Set the records down again exactly, apart from any pictures in them.

-------------------------

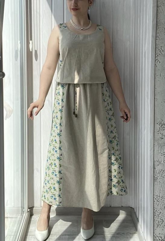 • Стан: ідеальний • Матеріал: льон • Розмір: М Напівобхват грудей 47 Напівоьхват талії 38-47 Напівохват стегон 60 Довжина топ 55 (йде із напуском) Довжина спідниці 84
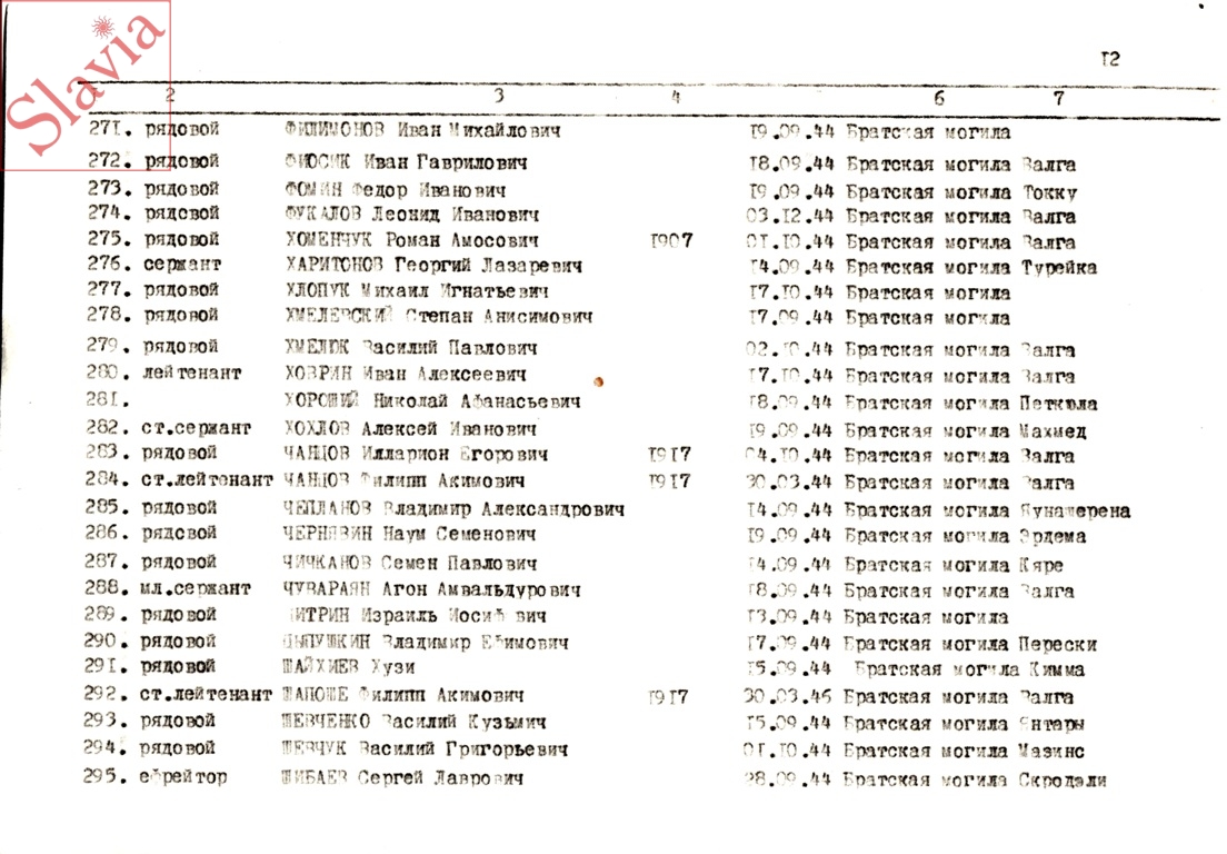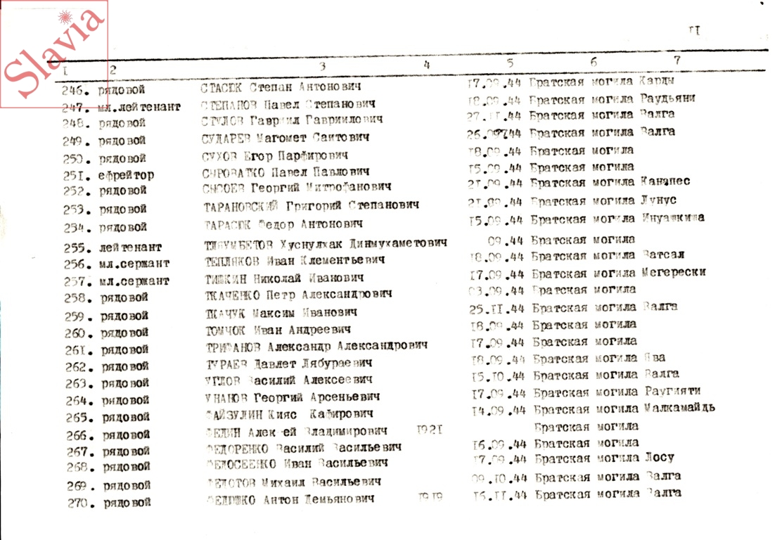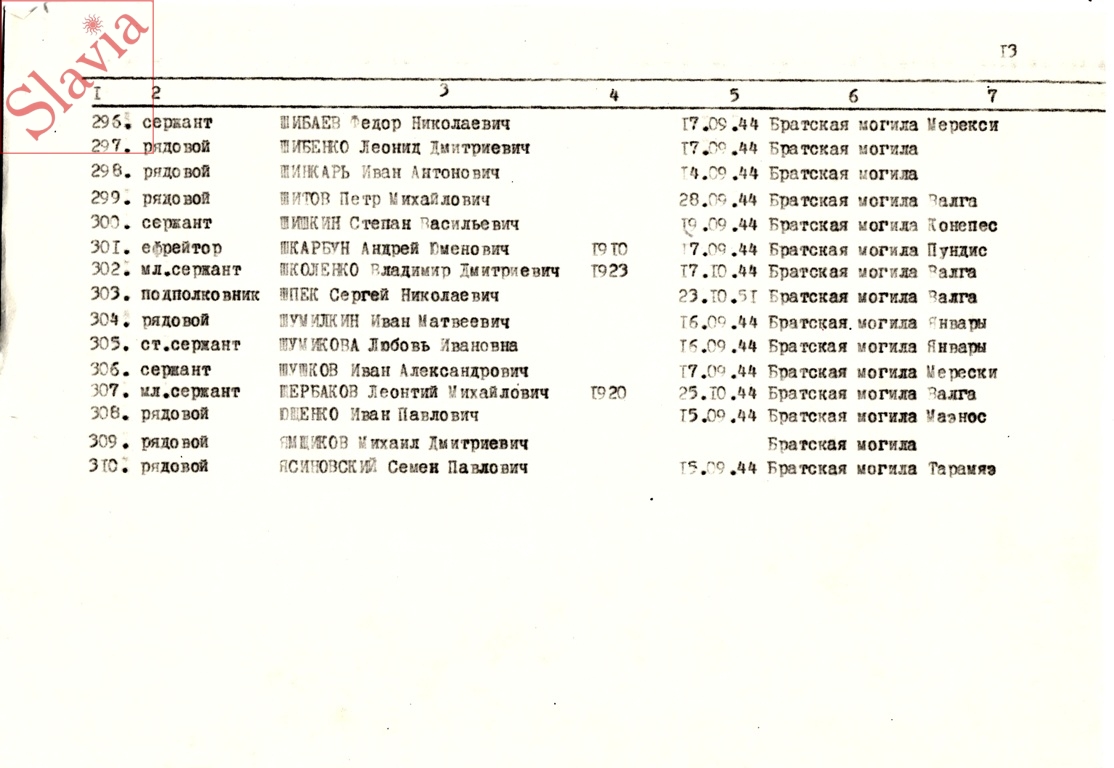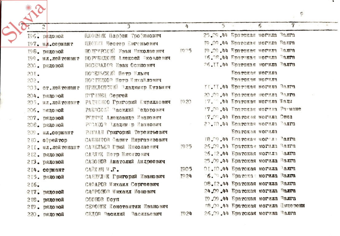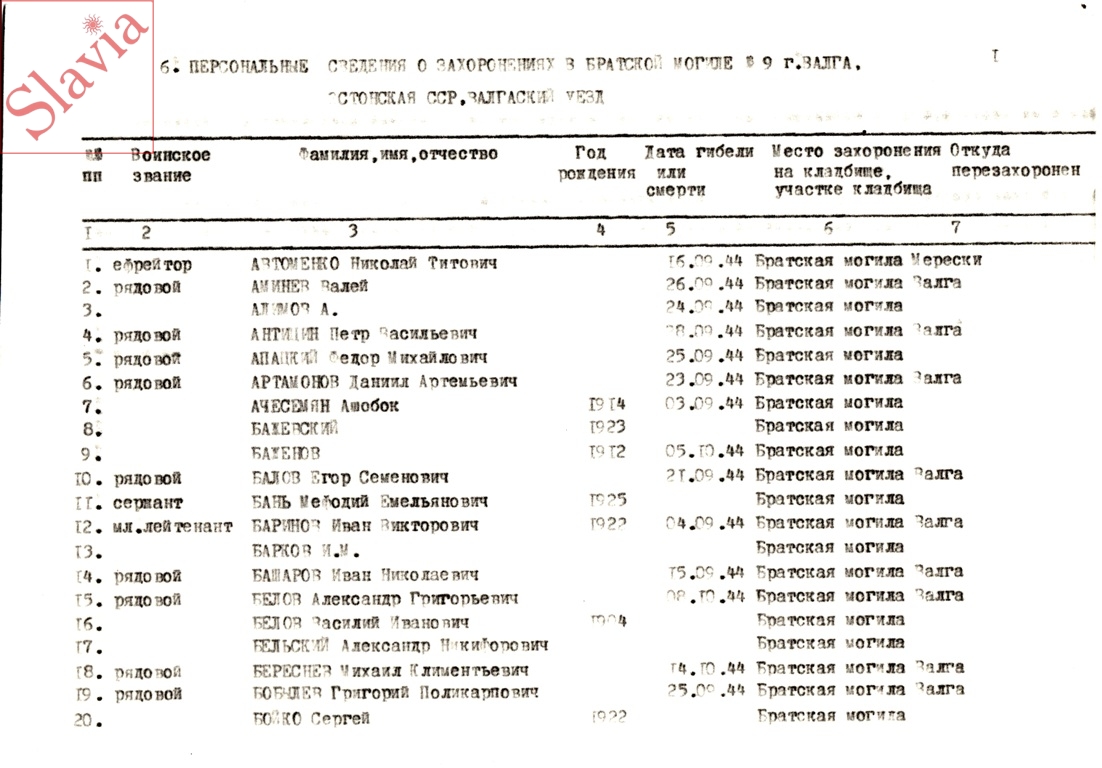 ПЕРСОНАЛЬНЫЕ СВЕДЕНИЯ О ЗАХОРОНЕННЫХ В БРАТСКОЙ МОГИЛЕ (по состоянию на 12 августа 1991 г.)
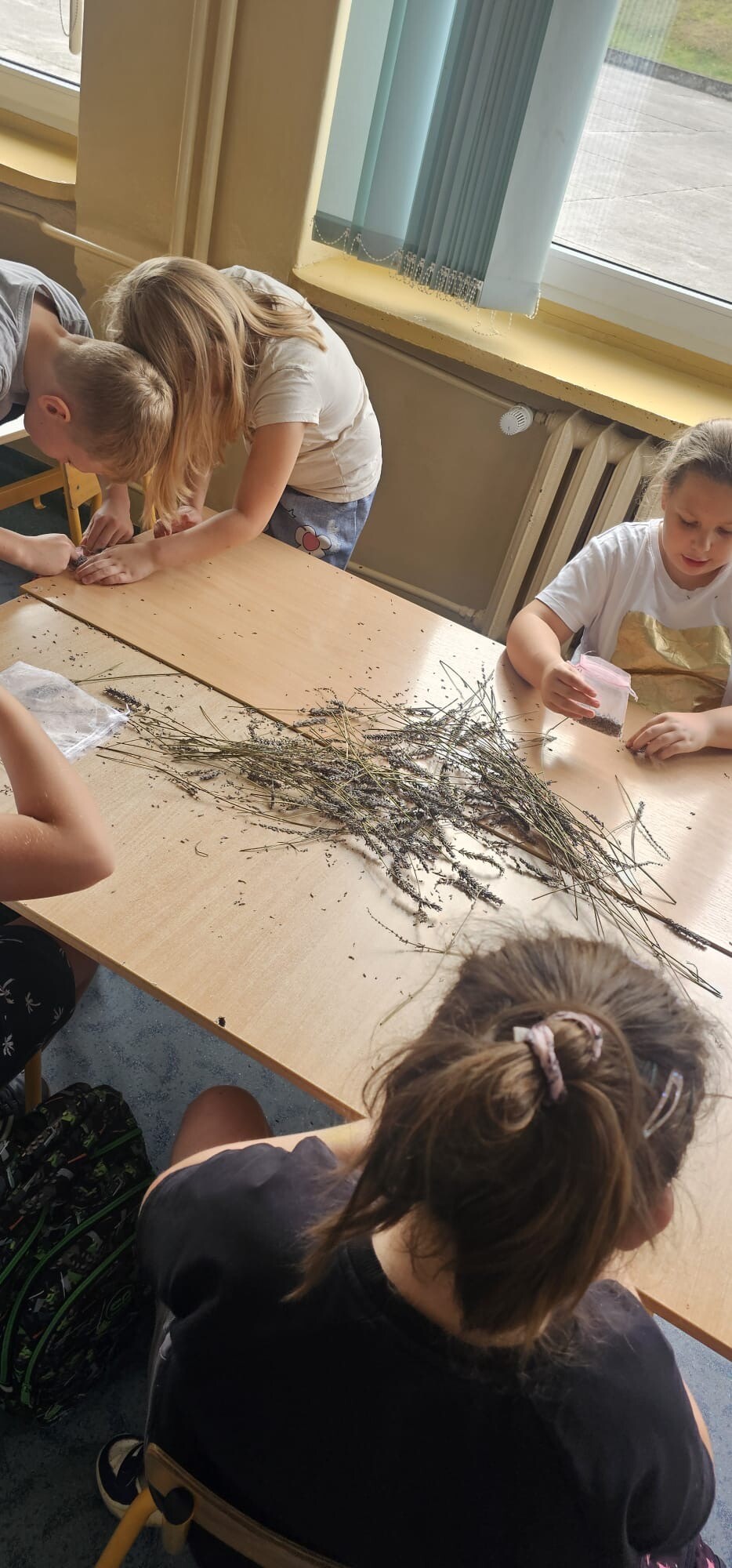 Najpierw dzieci starannie skubały zasuszone kwiaty, poznając ich niezwykły zapach i strukturę. Potem, z wielkim zaangażowaniem, wsypywały lawendę do saszetek, które stały się małymi zapachowymi skarbami.
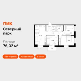 Продаётся 3-комн. квартира площадью 76,02 кв.м на 2 этаже 10 этажного дома (Корпус 10, Секция 1) проекта ПИК Северный парк. Светлый просторный подъезд на уровне земли, функциональная планировка, большие окна, без отделки.
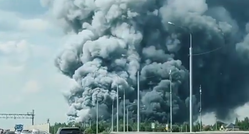 У місті Істра в районі Новоризького шосе Підмосков'я горить склад великого інтернет-магазину Ozon.
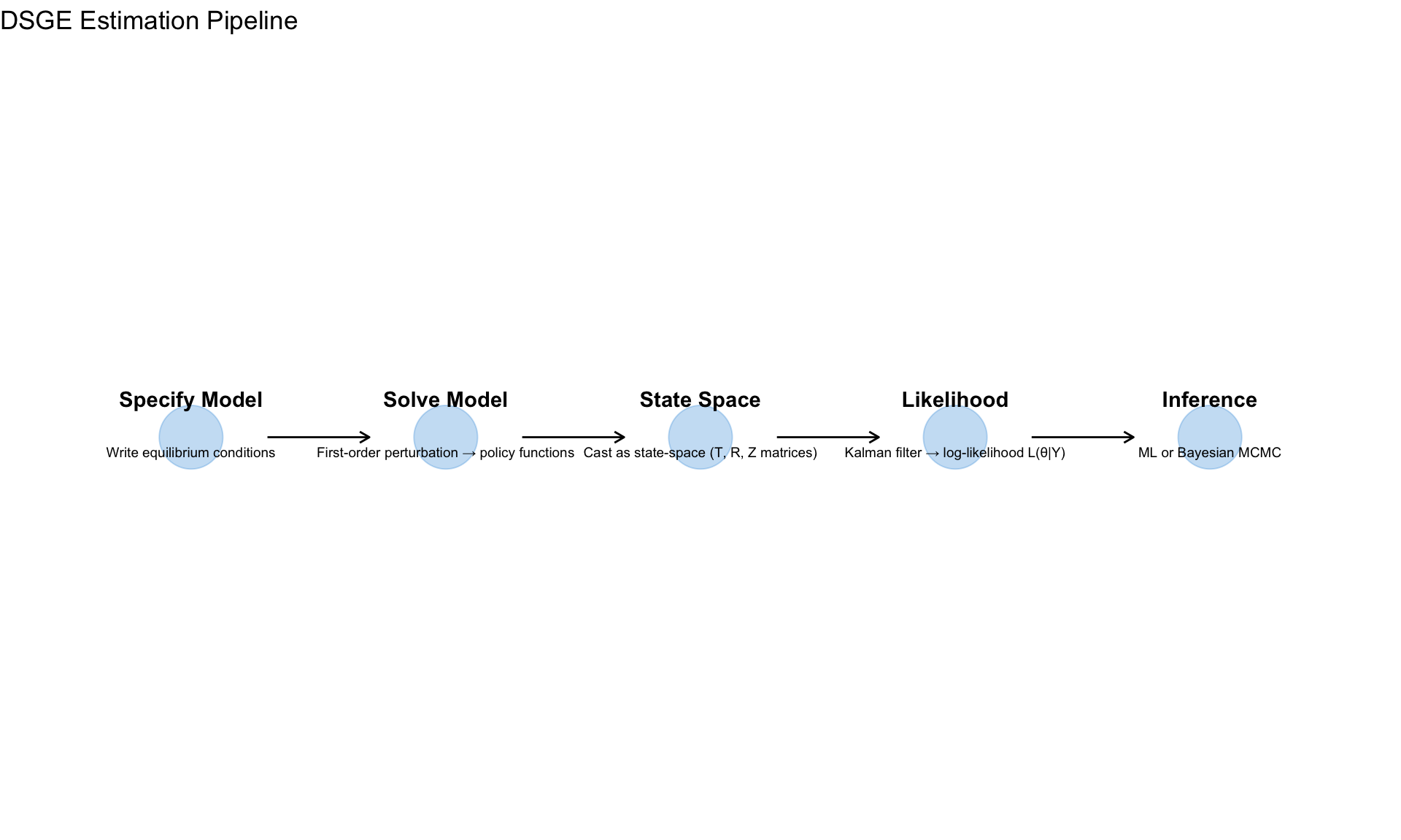 | State space | DSGE solution → transition + observation equations |
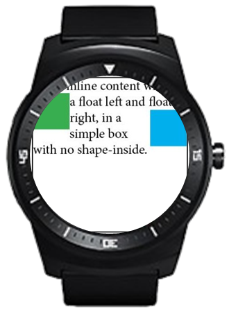 Everything on the web is a rectangle. For example, the window content area in a web browser is a rectangle. Each HTML element follows the W3C box model and thus is also a rectangle. New devices with a round display are now emerging. The current web standards lack some features to support the devices as follows:
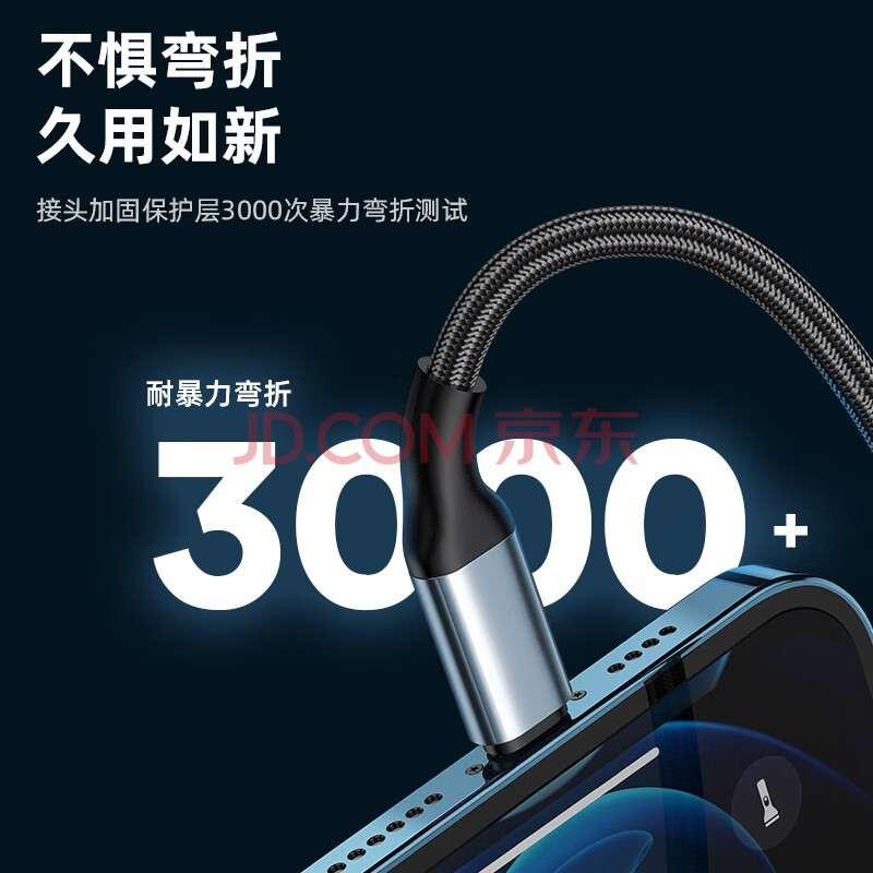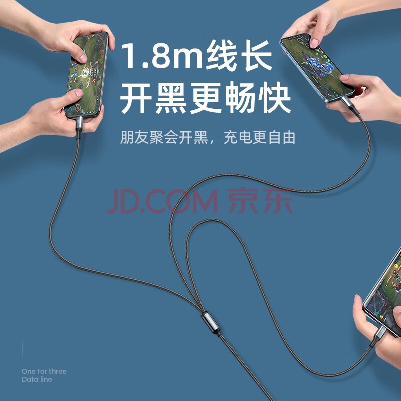 商品相册:领臣 数据线三合一快充100W适用苹果13Type-C安卓手机笔记本充电快充线 二拖三1.8米 LC-469 第
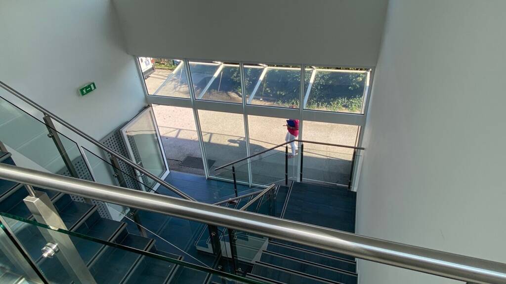 Im Erdgeschoss befinden sich der Eingangsbereich und der Stiegenaufgang zu den Büros. Das Lager im EG hat inkl. Nebenräume eine Gesamtfläche von 198,90m². Im Obergeschoß befinden sich der Empfang/Sekretariat, 5 Büros, 1 Großraumbüro, Besprechungsraum sowie Nasszellen und die Teeküche (Gesamtfläche 301,40m²).

-------------------------

* **ANSWER SPACE**:
 • Стан: ідеальний • Матеріал: льон • Розмір: М Напівобхват грудей 47 Напівоьхват талії 38-47 Напівохват стегон 60 Довжина топ 55 (йде із напуском) Довжина спідниці 84
 ПЕРСОНАЛЬНЫЕ СВЕДЕНИЯ О ЗАХОРОНЕННЫХ В БРАТСКОЙ МОГИЛЕ (по состоянию на 12 августа 1991 г.)
 Najpierw dzieci starannie skubały zasuszone kwiaty, poznając ich niezwykły zapach i strukturę. Potem, z wielkim zaangażowaniem, wsypywały lawendę do saszetek, które stały się małymi zapachowymi skarbami.
 Продаётся 3-комн. квартира площадью 76,02 кв.м на 2 этаже 10 этажного дома (Корпус 10, Секция 1) проекта ПИК Северный парк. Светлый просторный подъезд на уровне земли, функциональная планировка, большие окна, без отделки.
 У місті Істра в районі Новоризького шосе Підмосков'я горить склад великого інтернет-магазину Ozon.
 | State space | DSGE solution → transition + observation equations |
 Everything on the web is a rectangle. For example, the window content area in a web browser is a rectangle. Each HTML element follows the W3C box model and thus is also a rectangle. New devices with a round display are now emerging. The current web standards lack some features to support the devices as follows:
 商品相册:领臣 数据线三合一快充100W适用苹果13Type-C安卓手机笔记本充电快充线 二拖三1.8米 LC-469 第
 Im Erdgeschoss befinden sich der Eingangsbereich und der Stiegenaufgang zu den Büros. Das Lager im EG hat inkl. Nebenräume eine Gesamtfläche von 198,90m². Im Obergeschoß befinden sich der Empfang/Sekretariat, 5 Büros, 1 Großraumbüro, Besprechungsraum sowie Nasszellen und die Teeküche (Gesamtfläche 301,40m²).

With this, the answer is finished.